In a world with so many characters and so much potential for emotional damage, Udall steers the narrative ship by removing himself from the thread: the momentum of the whirling plot creates its own little galaxy and he remains predominantly hands-off with his three main narrators (Golden, the patriarch; Rusty, the uncharismatic and totally sympathetic, ignored kid; Trish, the youngest and most, frankly, dull of the wives).
Of course, this is fiction, so beyond noting the naturalistic style of writing, claiming that Udall is not present is fallacious. But what he bends backwards to do, with eerie success, is the avoidance of even the literary equivalent of an subtle eyebrow raising: never once does the remotest sense of moral judgment leak into the book that isn’t a product of a specific character’s outlook.
Thus, the jostlings of the 28 offspring and the drama of the competition between the four wives just unfolds, without much intrusive commentary.
The parts of the story that draw one in, though, are the parts where Udall is present. The juxtaposition of the family’s formation in Utah–the bulk of the action takes place in the 1970s, but has tentacles reaching back earlier–against the nearby atomic bomb tests is surreal and vivid, even if the ultimate outcome is a bit heavy-handed. There are some nice passages about grief and duty, and Udall keeps enough plotty curveballs zinging to keep things moving.

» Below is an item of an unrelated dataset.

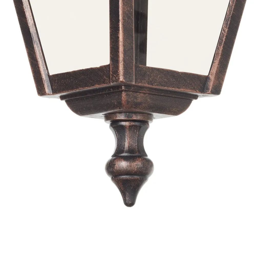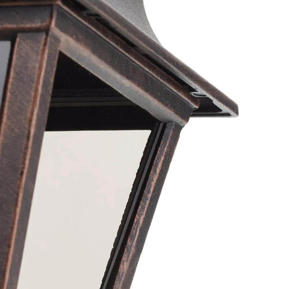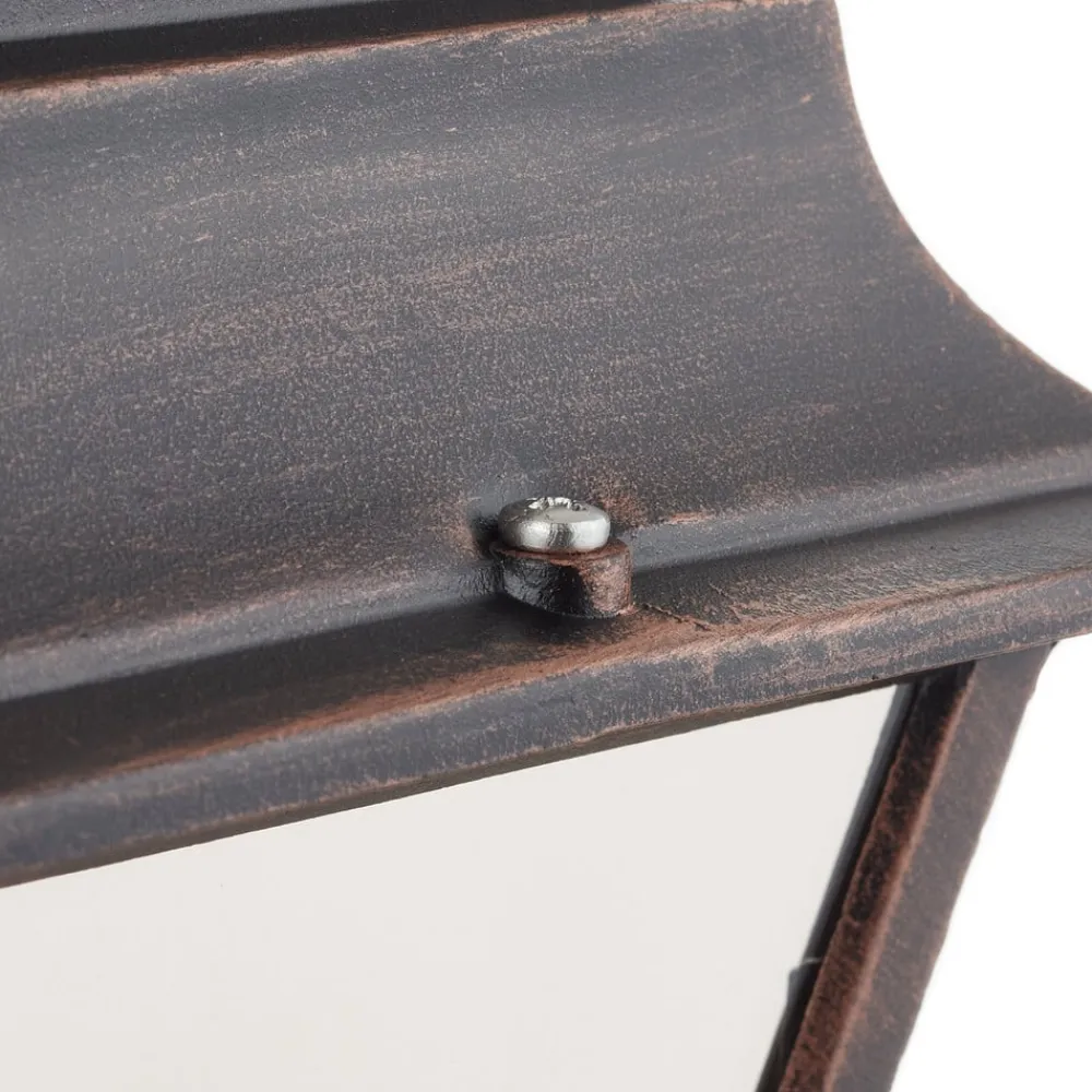 Klassisk udendørs væglampe Toulouse Den udendørs væglampe Toulouse, som er formet som en antik lanterne af kobberfarvet pulverlakeret aluminium og let tonet glas, og som hænger nedad, ser særlig smuk ud på gamle bygninger eller bygninger i rustikt design. Det let tonede, men klare glas oplyser omgivelserne klart og sikkert.

The plight of Rusty, middling and forgotten child, is borderline heartrending in the chapters where Udall lets himself get involved. Here’s a kid whose father barely knows his name, who is weird and lonely, starting to self-destruct at the age of 11. The other siblings, who get a rather distant treatment (then again, there are 27 of them, and giving them all a solid dose of humanity might be an impossibility), seem infuriatingly average and well-adjusted, even given their various infirmities. Meanwhile, we’re seeing polygamist life in a non-sensational context; the stuff of this family’s grief is as quotidian as anyone’s.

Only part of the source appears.